SpeechTranscriber/SpeechAnalyzer being relatively slow compared to FoundationModel and TTS

Question

Bersaelor OP

Created Jul ’25

Replies 2

Boosts 0

Participants 2

So,

I've been wondering how fast a an offline STT -> ML Prompt -> TTS roundtrip would be.

Interestingly, for many tests, the SpeechTranscriber (STT) takes the bulk of the time, compared to generating a FoundationModel response and creating the Audio using TTS.

E.g.

        InteractionStatistics:
        - listeningStarted:             21:24:23 4480 2423
        - timeTillFirstAboveNoiseFloor: 01.794
        - timeTillLastNoiseAboveFloor:  02.383
        - timeTillFirstSpeechDetected:  02.399
        - timeTillTranscriptFinalized:  04.510
        - timeTillFirstMLModelResponse: 04.938
        - timeTillMLModelResponse:      05.379
        - timeTillTTSStarted:           04.962
        - timeTillTTSFinished:          11.016
        - speechLength:                 06.054
        - timeToResponse:               02.578
        - transcript:                   This is a test.
        - mlModelResponse:              Sure! I'm ready to help with your test. What do you need help with?
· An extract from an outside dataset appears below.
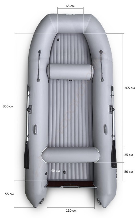 Лодка насчитывает 3 герметичных отсека (+ 2 скеги, + 1 пол, + 2 пуфика).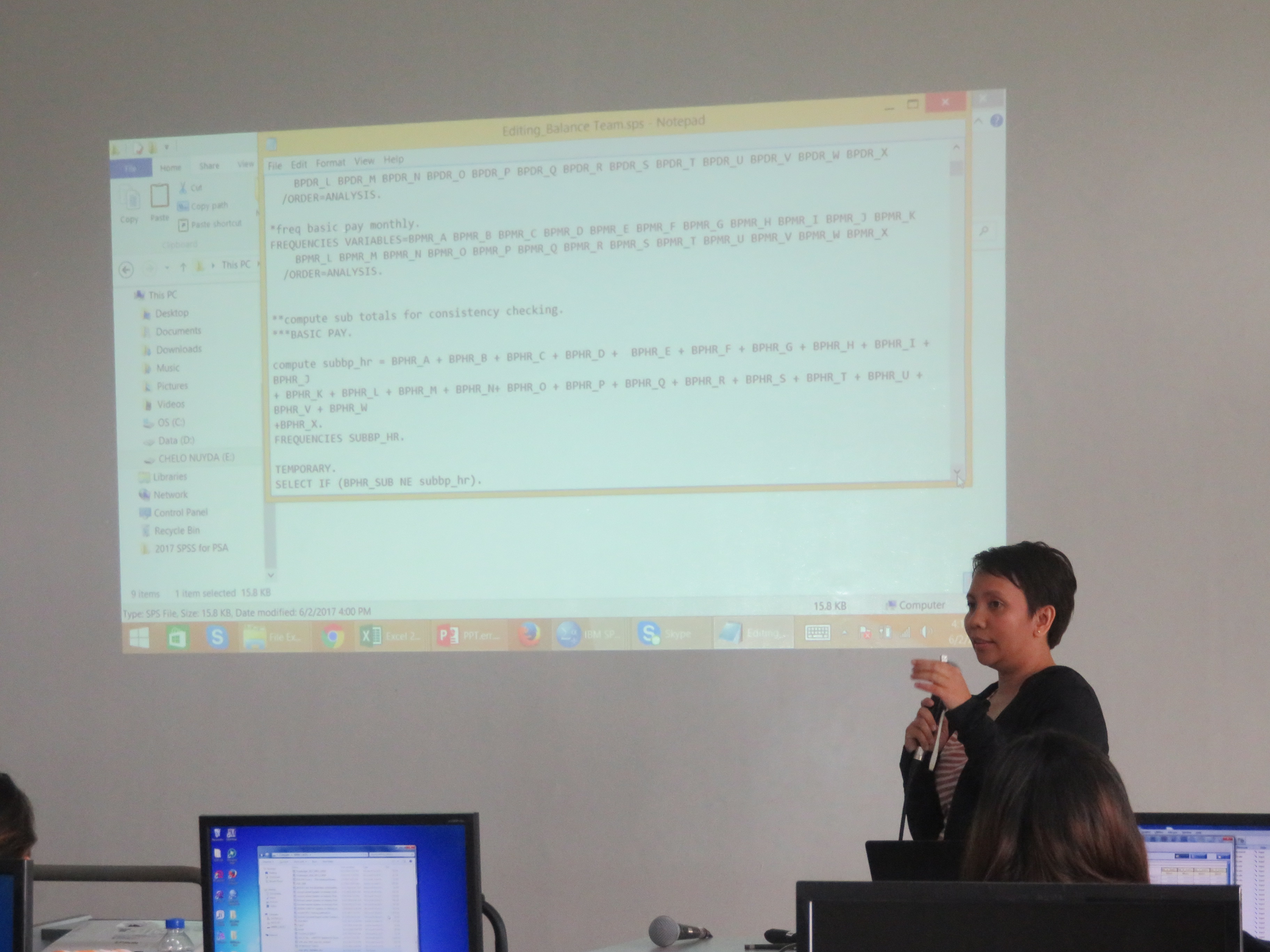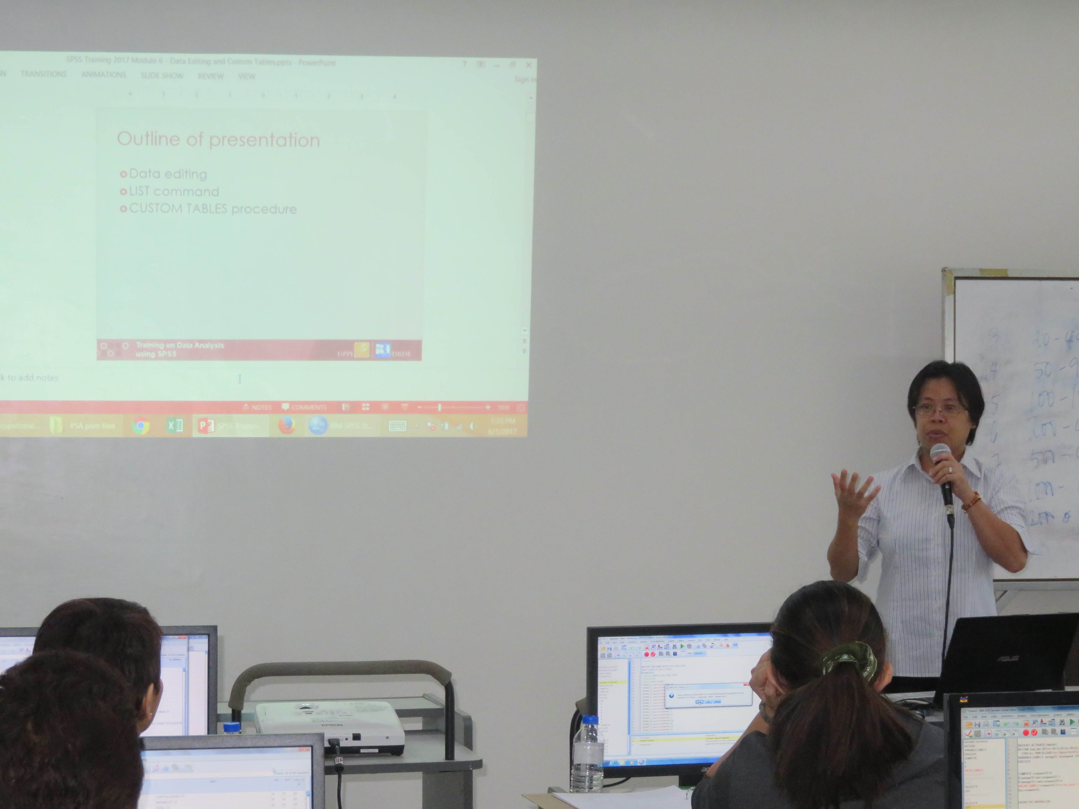 » Gallery: Training on Data Analysis Using IBM-SPSS for Philippines Statistics Authority Social Sector Statistics Service (PSA-SSSS) Staff (May 30, - June 2, 2017)

Here, between my audio input ending and the Text-2-Speech starting top play (using AVSpeechUtterance) the total response time was 2.5s. Of that time, it took the SpeechAnalyzer 2.1s to get the transcript finalized, FoundationModel only took 0.4s to respond (and TTS started playing nearly instantly).

I'm already using reportingOptions: [.volatileResults, .fastResults] so it's probably as fast as possible right now? I'm just surprised the STT takes so much longer compared to the other parts (all being CoreML based, aren't they?)

Boost

Answer 1

Apple_Agent OP

Jul ’25

Accepted Answer

We've added some advice on improving performance to our documentation, at https://developer.apple.com/documentation/speech/speechanalyzer#Improve-responsiveness.

The prepareToAnalyze method may be useful to preheat the analyzer and get the transcription started a bit sooner.

1

Answer 2

Bersaelor OP

Aug ’25

Ah, nice, let's see, first baseline without prepareToAnalyze:

The KPI I'm interested is the time between the last audio above the noise-ground level and the final transcript (e.g. between the user stopping to speak and the transcription being ready to trigger actions): n: 11, avg: 2.2s, Var: 0.75

Then, with calling prepareToAnalyze: n: 11, avg: 1.45s, Var: 1.305 (the delay varied greatly between 0.05s and 3s)

So yeah, based on this small sample, preparing did seem to decrease the delay.

0